**Exercise requirements**
The listing is to be transcribed in full, with its images left out.

─── Records for this exercise ───

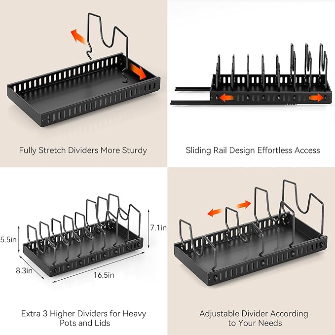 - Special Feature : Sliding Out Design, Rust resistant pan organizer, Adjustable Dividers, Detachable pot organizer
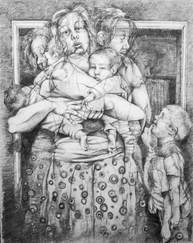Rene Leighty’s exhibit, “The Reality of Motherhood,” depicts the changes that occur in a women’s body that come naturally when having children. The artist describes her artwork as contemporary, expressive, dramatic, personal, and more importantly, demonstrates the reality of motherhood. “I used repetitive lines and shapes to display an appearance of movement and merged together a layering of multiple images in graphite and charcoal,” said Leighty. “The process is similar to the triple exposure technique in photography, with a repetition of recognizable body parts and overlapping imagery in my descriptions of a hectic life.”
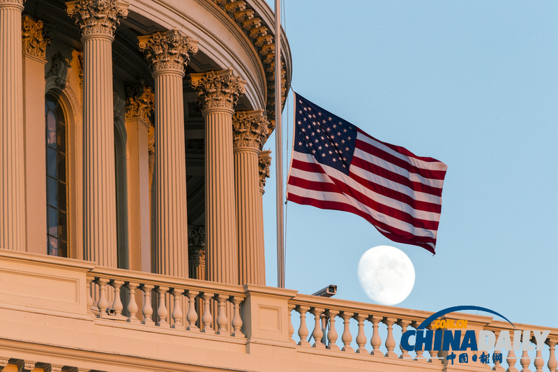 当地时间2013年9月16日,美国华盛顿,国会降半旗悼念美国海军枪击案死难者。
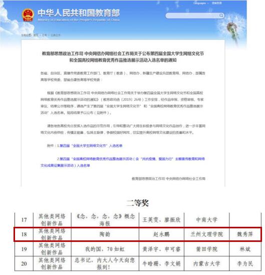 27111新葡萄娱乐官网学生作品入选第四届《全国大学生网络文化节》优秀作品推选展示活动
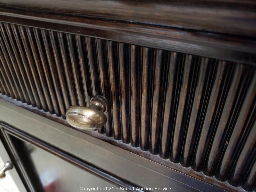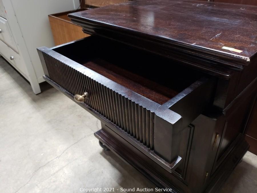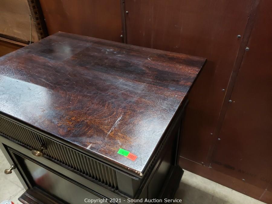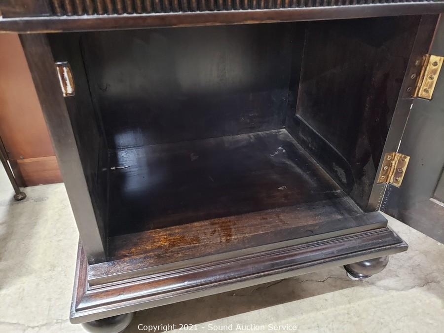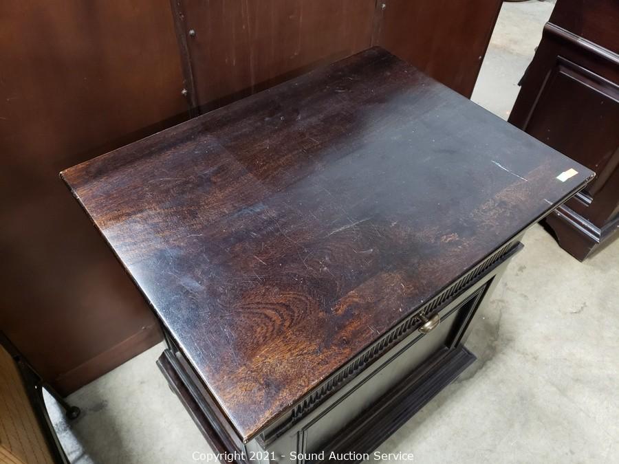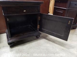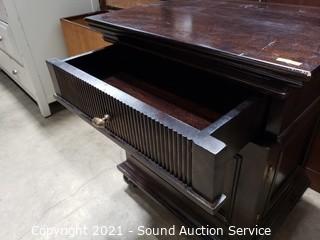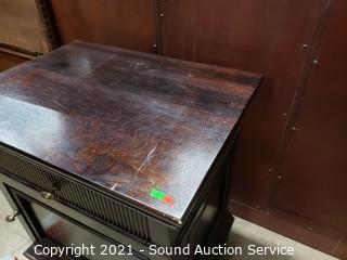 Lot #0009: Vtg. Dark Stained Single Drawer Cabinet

───

**Answer to the problem**
 - Special Feature : Sliding Out Design, Rust resistant pan organizer, Adjustable Dividers, Detachable pot organizer
Rene Leighty’s exhibit, “The Reality of Motherhood,” depicts the changes that occur in a women’s body that come naturally when having children. The artist describes her artwork as contemporary, expressive, dramatic, personal, and more importantly, demonstrates the reality of motherhood. “I used repetitive lines and shapes to display an appearance of movement and merged together a layering of multiple images in graphite and charcoal,” said Leighty. “The process is similar to the triple exposure technique in photography, with a repetition of recognizable body parts and overlapping imagery in my descriptions of a hectic life.”
 当地时间2013年9月16日,美国华盛顿,国会降半旗悼念美国海军枪击案死难者。
 27111新葡萄娱乐官网学生作品入选第四届《全国大学生网络文化节》优秀作品推选展示活动
 Lot #0009: Vtg. Dark Stained Single Drawer Cabinet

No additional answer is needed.